Hades 2 (2025) is Supergiant’s first ever direct sequel to one of their titles and nearly flawlessly takes what made Hades (2020) a smash hit and improves on it from gameplay to relationships and regions.
The word “nearly” was used intentionally however, while the story of Hades 2 makes sense and for the most part is a logical evolution of the original set up and story of Hades, the ending created a thorough ripple among the Hades community. I believe this to be for a few core reasons:
1. Building off the emotions from the original Hades in Zagreus coming to terms (but specifically not forgiving his father for his past transgressions) Hades and mending the relationship between his parents.

2. Giving some Fans around a full year of Pre-release builds before the full game was released creating a significant amount of room for fans to be able to theory craft on potential endings, thus (reasonably) raising expectations. I am personally in this camp as I was playing when the Surface was first added to the game.
3. (VERY SUBJECTIVE) The ending itself almost feels rushed and particularly the post game feels a bit like a slap to the face narratively and it ended up hurting the perceptions of Melinoë and Zagreus.
So lets step back and actually go through the general motions of the story and how everything generally makes sense until the true ending.

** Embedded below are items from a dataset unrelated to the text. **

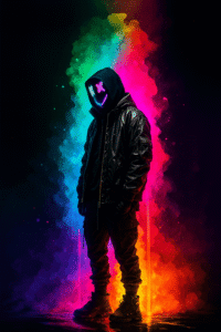 Mysterious hooded figure glowing neon mask with colorful smoke.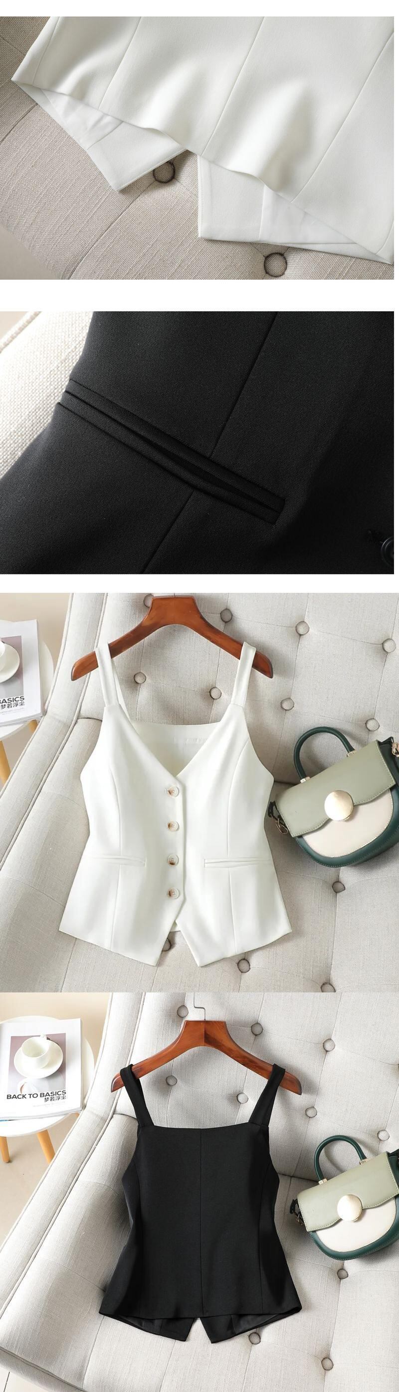 ストラップ ショート ベスト レディース 春夏 シングルブレスト ブラック ホワイト V ネック チョッキ ジャケット スプリング 春物 サマー 夏物 Vネック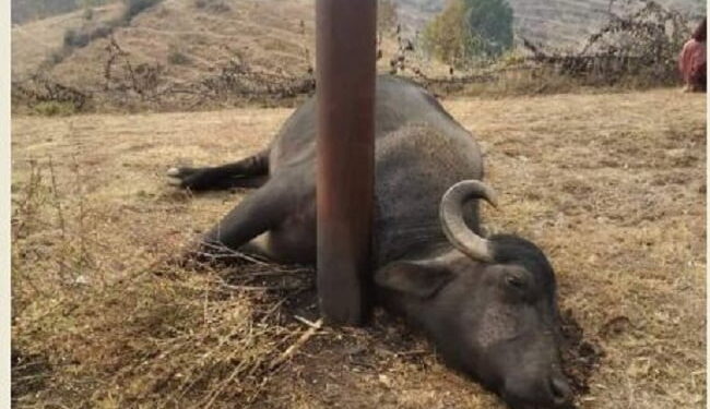 चिन्यालीसौड़। पट्टी दशगी के ग्राम छैजुला में कोटधार से बनगांव जाने वाली 11000 बोल्टेज की बिद्युत लाइन के पोल पर छैजुला निवाशी तेजेन्द्र रावत की भैंस पर करंट लगने से भैंस की मौके पर ही मौत हो गई।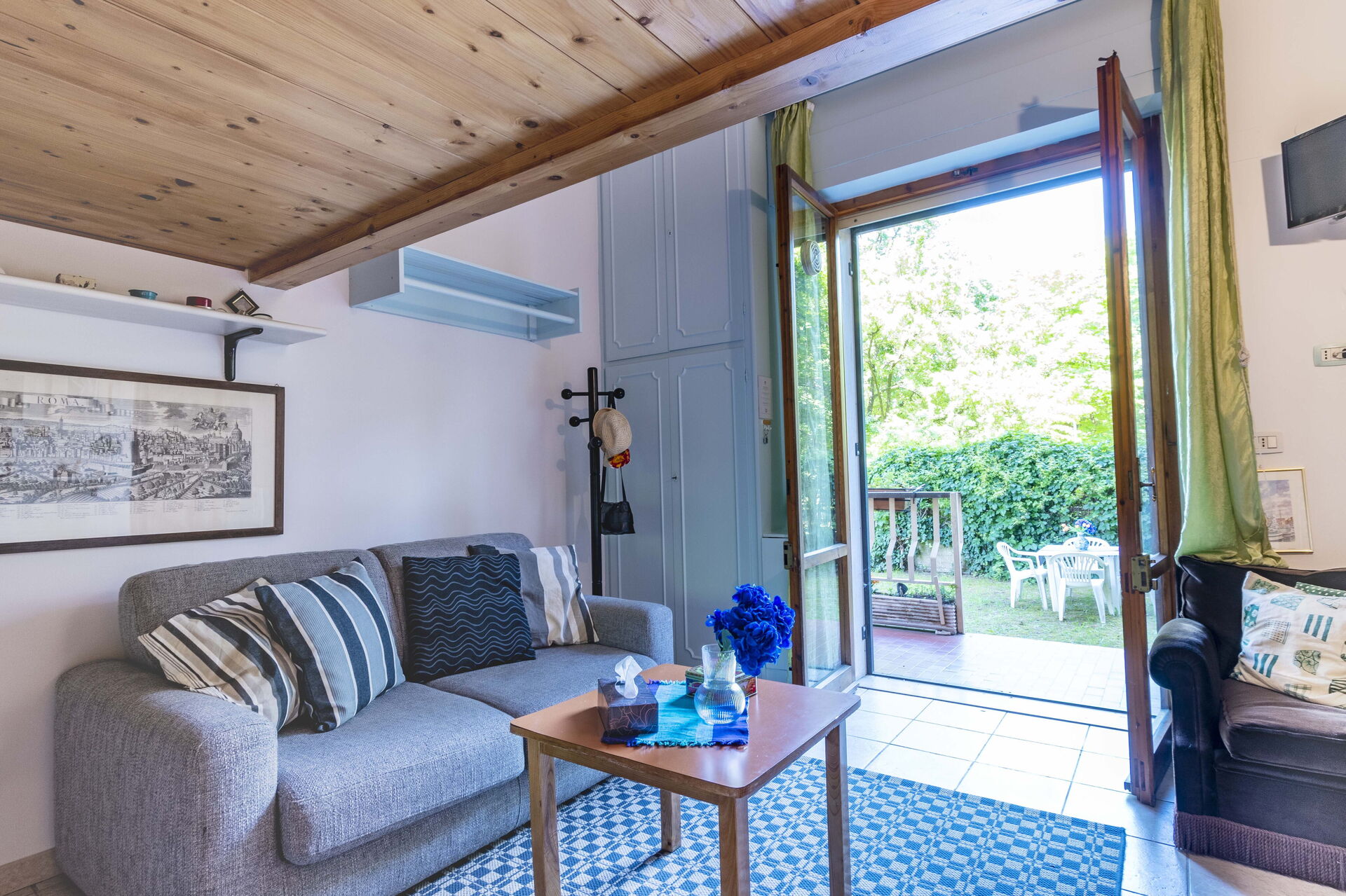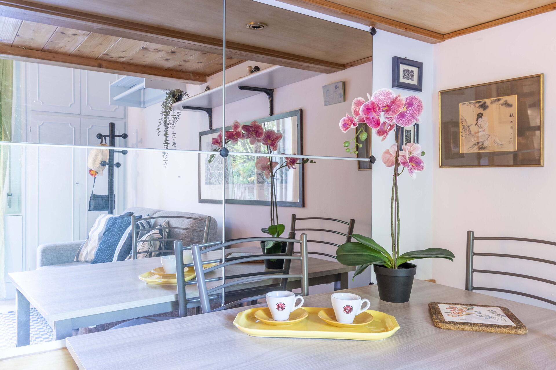 espace ouvert (35 m2): bureau, table à manger, canapé-lit, internet WIFI, tv satellitaire, réfrigérateur, cuisinière, lave-linge, congélateur, cuisine bien équipée, four micro-onde, machine à café italienne, sortie sur le jardin.

In Hades 2, the player controls Melinoë, the daughter of Hades and Persephone, who has been orphaned at the hands of the Titan Chronos (The father of Zeus, Poseidon, and Hades) and is on a quest to travel from Erebus (the darkness surrounding the underworld) into Tartarus to face the Titan. As the player progresses they become more acquainted with the personality of Melinoë- the persistent goddess of nightmares as someone who will not give up until she saves her family (who have been sealed away from time… other than Hades who is imprisoned in his old house) and slays the regenerating Chronos for good.

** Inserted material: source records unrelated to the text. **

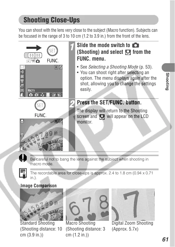 The recordable area for close-ups is approx. 2.4 to 1.8 cm (0.94 x 0.71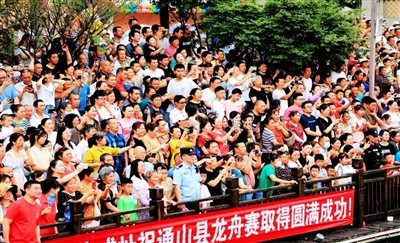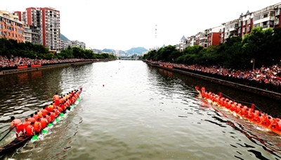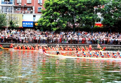 河面上水花四溅鼓声阵阵,竞渡龙舟如离弦之箭劈波斩浪疾速前进,一河两岸三万群众激情呐喊加油助威,现场一片欢腾。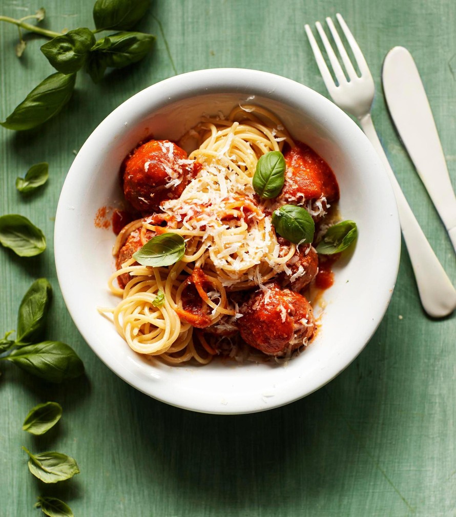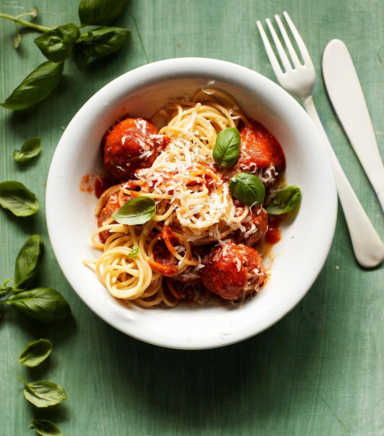 Soseuta sillä aikaa tomaattikastike sauvasekoittimella tasaiseksi. Hienonna basilika joukkoon. Nosta pullat kastikkeeseen ja anna hautua 20 minuuttia pienellä lämmöllä. Tarjoa keitetyn spagetin kanssa.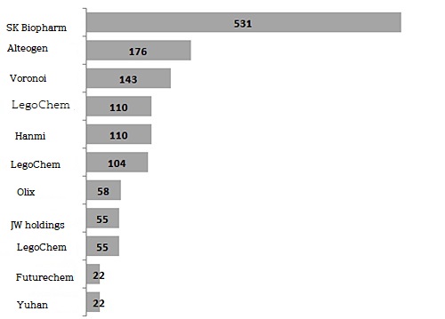 SK Biopharm received the most down payment for the second consecutive year as it transferred the copyright to the Japanese region for a new epilepsy drug developed with its own technology.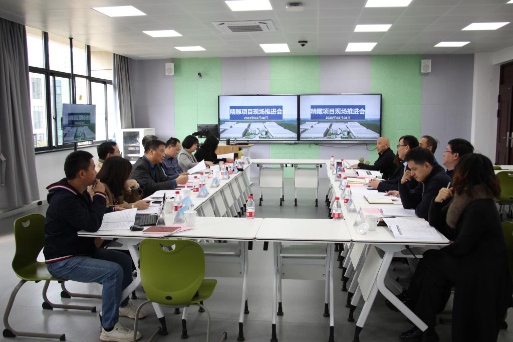 王校长一行首先对机械制造实训中心进行现场调研。机电工程学院院长金永琪就项目开展情况、存在的问题、下一步工作计划做了全面汇报。与会人员就项目推进过程中存在的问题和困难进行了深入地交流和探讨。姜伟副校长、朱兆平副校长、吴玲洪部长就如何高质量推进精雕合作项目建设提出了宝贵的意见和建议。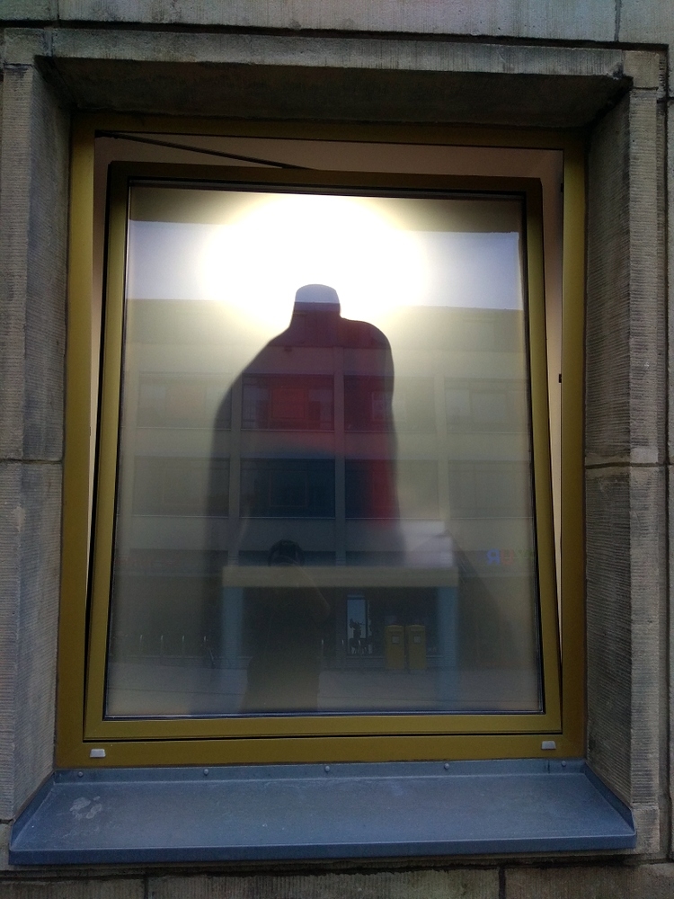 wir stehen am dresdner altmarkt an historischer bausubstanz. ist es ein mensch oder eine puppe? ein superheld vielleicht oder nur sein kostüm. die milchige scheibe verbirgt die wahrheit. der fensterrahmen ist golden, so dass es ein bisschen wie ein gemälde wirkt. irgendwas düsteres romantisches, vielleicht von caspar david friedrich, oder ist es dafür zu wenig gegenständlich?

It is from here that Mel (what many of the characters in the game call her and what I will be using for the duration of this blog) learns that Chronos had actually been waging war with the other gods on the surface of the Earth by summoning the Creator of all Monsters: Typhon. So Mel takes it upon her self to both find a way to kill Chronos and keep Typhon at bay so he doesn’t destroy Mount Olympus.
Mel’s dedication to absolute success in these tasks she has been training her entire life to achieve show her personality as someone who does not compromise even slightly in her quest for vengeance (And POSTGAME SPOILER!!: Once you learn the true identity of Mel’s headmaster in witchcraft Hecate actually being Mel from a different timeline where she ended up ruining her timeline by erasing Chronos, Mel’s absolutism becomes even more apparent.)

Eventually in the story, after defeating Chronos for one of the first times, Mel is able to communicate from Zagreus through his Mirror of Darkness and she tells him to find Chronos in the past and to kill him so they can live as a family in the same timeline. Zagreus agrees and sets off to find the cult of Chronos and to kill the Titan with the Gigaros Spear.

But then, in one of the strangest moments of characterization, Zagreus, a character who had spent the entire first game trying to improve his relationship with his family and become a dependable person chooses to spare Chronos under the conditions that he not be a dick. This creates a parallel universe for Mel and Chronos where they both have the memories of having been Enemies and Family and Chronos decides to become a good guy and apologizes for being a dick to Mel.
For some reason Mel is not mad at Zagreus for completely disregarding his word that he would kill the most evil titan ever and just decides to roll with it.
To rub even more dirt into the wound of this already strangely written ending, Mel only hangs out with her family for like a week and spends the rest of her life in the cross roads where her and her now cool grandpa jump from timeline to timeline to kill other versions of her Grandpa and Typhon (I guess those versions don’t deserve any redemption???). Finally, Mel gets to meet the fates who gave her this quest to begin with and they just decide that they don’t care about being the fates anymore and stop weaving forever leading to the Age of Humanity in the most anti-climactic way possible.
This ending flat out ignores the motivations of a majority of the gods (and in particular Zeus, Prometheus, Mel, Zagreus, and Hades who were potentially affected most by the Chronos’ actions) and ends the story by essentially stating that nothing that mel does from this point even matters and that there will never be another sequel to try and fix these issues because the Epoch of Gods has ended. How Devestating.